String implementations

Sun Jan 20 12:03:07 PST 2008

On 1/20/08, James Dennett <jdennett at acm.org> wrote:
> Looks very different to me.

I thought it looked very similar indeed to D, but there you go. Funny
how two different people can read the same document and interpret it
in two different ways.

> There's no conflation of char with a
> code unit of UTF8

C has no ubyte type. Since time immemorial, C programmers have been
using the char type to store every 8-bit wide data type under the sun
simply because there's been no alternative (until recently, when
int8_t showed up as a typedef for char). That's not a big deal.

> (and indeed C++ deliberately supports use of
> varied encodings for multi-byte characters).

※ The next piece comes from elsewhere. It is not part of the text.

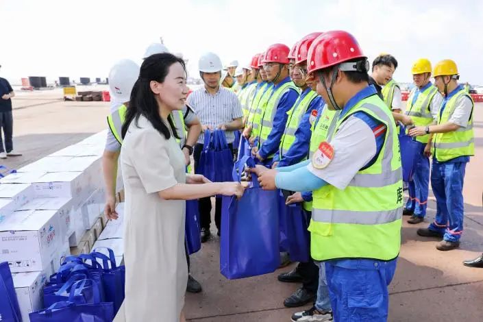 活動(dòng)現(xiàn)場(chǎng),袁欣與大家親切交談,詳細(xì)詢問一線職工的工作狀態(tài)和實(shí)際需求,對(duì)他們頂烈日、戰(zhàn)酷暑,始終堅(jiān)守崗位的敬業(yè)精神表示衷心感謝,叮囑他們要注意防暑降溫,做好個(gè)人防護(hù),并將防暑降溫“清涼禮包”送到職工代表手上。她說,當(dāng)前高溫、惡劣天氣逐漸增多,各單位要切實(shí)做好夏季防暑降溫工作,動(dòng)態(tài)調(diào)整作業(yè)時(shí)間,為廣大員工提供清涼舒心的休息場(chǎng)所,全面保障人身安全。同時(shí),要時(shí)刻繃緊安全這根弦,聚焦生產(chǎn)、消防重點(diǎn)領(lǐng)域,常態(tài)化開展安全隱患排查治理工作,做好值班值守和應(yīng)急處置,確保港區(qū)安全生產(chǎn)形勢(shì)穩(wěn)定。

I must have misread the heading that says "Require UTF", and whose
text reads "The C TR makes the encoding of char16_t and char32_t
implementation-defined. It also provides macros to indicate whether or
not the encoding is UTF. In contrast, this proposal requires UTF
encoding."

Oh, I see what you're saying - C++ would require UTF for wchar and
dchar, but not for char. Well, that's historical legacy for you.

> Yes, C++ is adding
> 16- and 32-bit character types which are more akin to D's, but that
> has little bearing on how differently it handles multi-byte (as
> opposed to wide-character) strings.

So it has a bunch of procedural functions instead of foreach. Apart
from that, the approach seems the same as D. Where's the difference?